[Provided records — start]

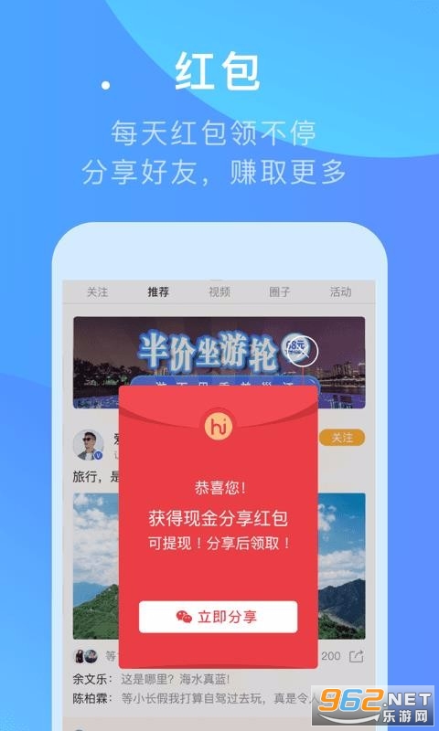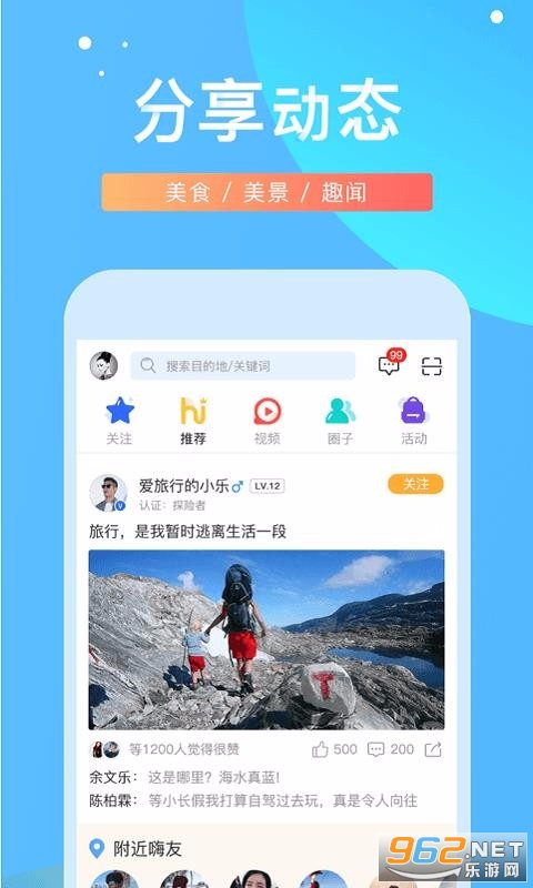 一款旅行资讯、社交APP,提供各种旅行活动、周边游、旅游线路,生活、旅行动态分享,欣赏美景趣闻、发现更多美食,商家入驻,交友互动,体验生活新姿态。
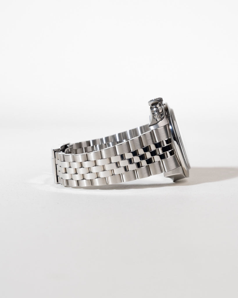 En moderne klassiker fra Tudor, hvor sportslig funktion møder vintageinspiration. Black Bay Chrono M79360N-0013 har den ikoniske “Reverse Panda”-skive med sort baggrund og hvide subdials, indrammet af en tachymeterbezel i stål. Uret drives af Tudors automatiske manufakturværk MT5813 med kronograf og 70 timers gangreserve. Med den nye Jubilee stållænke er dette et ur, der kombinerer præcision, stil og Tudor’s anerkendte kvalitet.
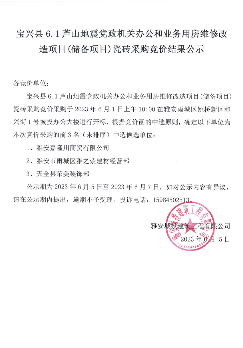 寶興縣6.1蘆山地震黨政機關辦公和業(yè)務用房維修改造項目(儲備項目)瓷磚采購競價結(jié)果公示
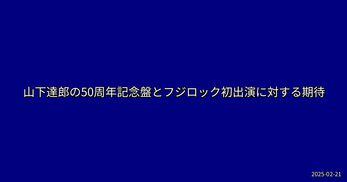 2025年2月21日、音楽界のレジェンドである山下達郎が再びトレンド入りしました。その理由は、彼のデビュー50周年を記念したアルバム『SONGS 50th Anniversary Edition』のリリースと、フジロックフェスティバルへの初出演が発表されたことにあります。今回のアルバムには、36年ぶりとなるライブ作品がボーナスディスクとして収録されることが決定し、多くのファンが期待を寄せています。
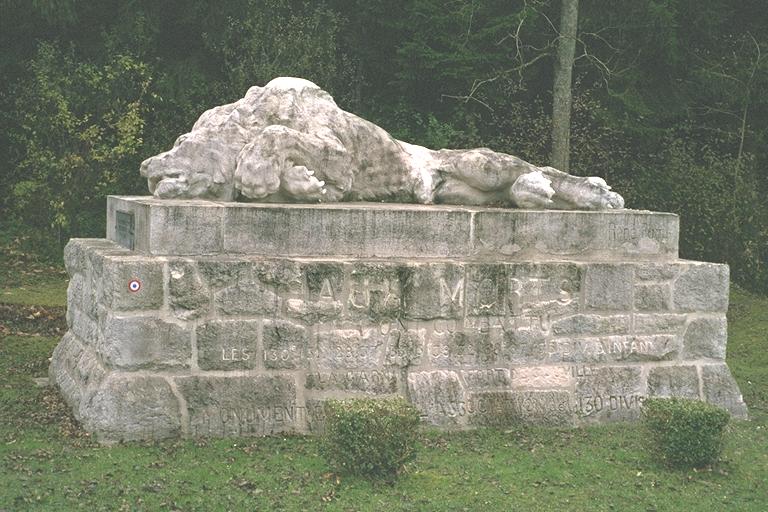 The "Wounded Lion" at the crossroads (89K JPEG) | The road led into the quiet forest, at first glance no different from any other. But, on looking more closely, the reminders of those days are still here: hidden among the trees just alongside the road was a concrete «Pamard» blockhouse («casemate»), one of a long line of them defending the «Fort de Souville» atop the small hill to the west. Mostly buried below ground level and only just big enough for a few men and some guns (their mountings were still visible through the tiny windows), it must have been a terrifying experience to face the German assault that July, having already been subjected to several months of artillery bombardment and then fire and gas attacks. However, the handful of men remaining with their outdated weapons did succeed in stopping the attack; just slightly further to the west, at the junction of the D913 and D112 roads, was the "Wounded Lion" memorial marking the furthest point of the German advance. Von Falkenhayn's army never recovered from being halted there, and never reached the town of Verdun: although they did succeed in crossing the river valley some way to the north, by then it was far too late to take the advantage and their advance westwards effectively ended here. | |||
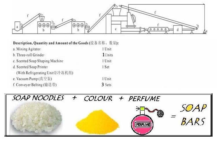 1. This soap production line take soap noodles/soap base(soap bar)/oil/fat/soda as raw materials.
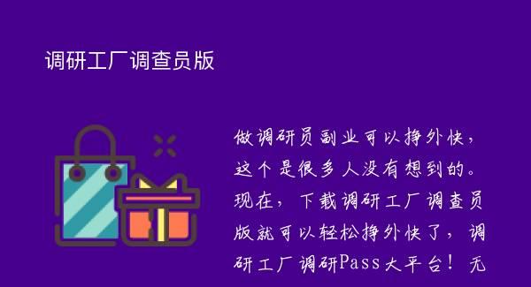 做调研员副业可以挣外快,这个是很多人没有想到的。现在,下载调研工厂调查员版就可以轻松挣外快了,调研工厂调研Pass大平台!无论你在何时何地,天涯海角接单挣外快,轻松操作有钱花,

[Provided records — finish]

== Task statement ==
Copy only the lines running from the one that holds "1. This soap" through the last line of the data, and include both of those lines. Do not copy any pictures.

== Answer ==
 1. This soap production line take soap noodles/soap base(soap bar)/oil/fat/soda as raw materials.
 做调研员副业可以挣外快,这个是很多人没有想到的。现在,下载调研工厂调查员版就可以轻松挣外快了,调研工厂调研Pass大平台!无论你在何时何地,天涯海角接单挣外快,轻松操作有钱花,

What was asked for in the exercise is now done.